= National Award for Excellence in Academic Performance (Spain) =

Spanish national academic award

Presentation ceremony for the 2013–2014 National University Graduation Awards.

The National Award for Excellence in Academic Performance (known in Spanish as "Premios Nacionales de Fin de Carrera de Educación Universitaria" since 2012, as "Premios Nacionales a la Excelencia en el Rendimiento Académico Universitario" from 2009 to 2011, and as "Premios Nacionales de Fin de Carrera" prior to 2009) is the most prestigious award granted by the Ministry of Education (Government of Spain) to the students that have just accomplished their undergraduate degree outstanding greatly among the rest of students. It is one of the oldest academic awards continuously granted, with a history that goes back to the 19th century.

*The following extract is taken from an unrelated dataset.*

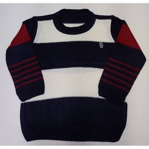 - Blusa em malha tricô super macia e confortável. Detalhe para as listras em três cores, que dão um charme todo especial a peça. Possui gola redonda. Plaquinha personalizada da marca aplica na frente.

Prior to the academic year 2008-09, the award was granted to the students who had the highest average score in their correspondent degree (one award for each degree) e.g. Medicine, English Studies, Geology, etc. However, since 2009 every candidate compete in one of the five field categories: Arts and Humanities, Social and Legal Sciences, Sciences, Health Sciences and Engineering and Architecture. Each category counts with a variable number of National Awards (1st prize), Honorable Mentions (2nd prize) and "Accésits" (3rd prize). Therefore, the winners of these awards are not only recognized for being the best students on their degree, but the best students on their field category in the country.

In order to be elected as candidate the minimum average score is 9 (out of 10) in the fields of Arts and Humanities, Social and Legal Sciences, Sciences, Health Sciences and 8 in Engineering and Architecture. Achieving these minimum average grade in the Spanish Academic system is a major undertaking, therefore only a reduced number of students can apply for the award. The average score of the candidates is weighted with the class score of their promotion (diminishing differences between universities). Finally, the curriculum vitae of the candidates is also taken into account.

The awards are given by the Minister of Education, Culture and Sport in an official act in the National Auditorium of Music endowing the students 3300 euros for the 1st prize, 2650 euros for the second prize and 2200 euros for the 3rd.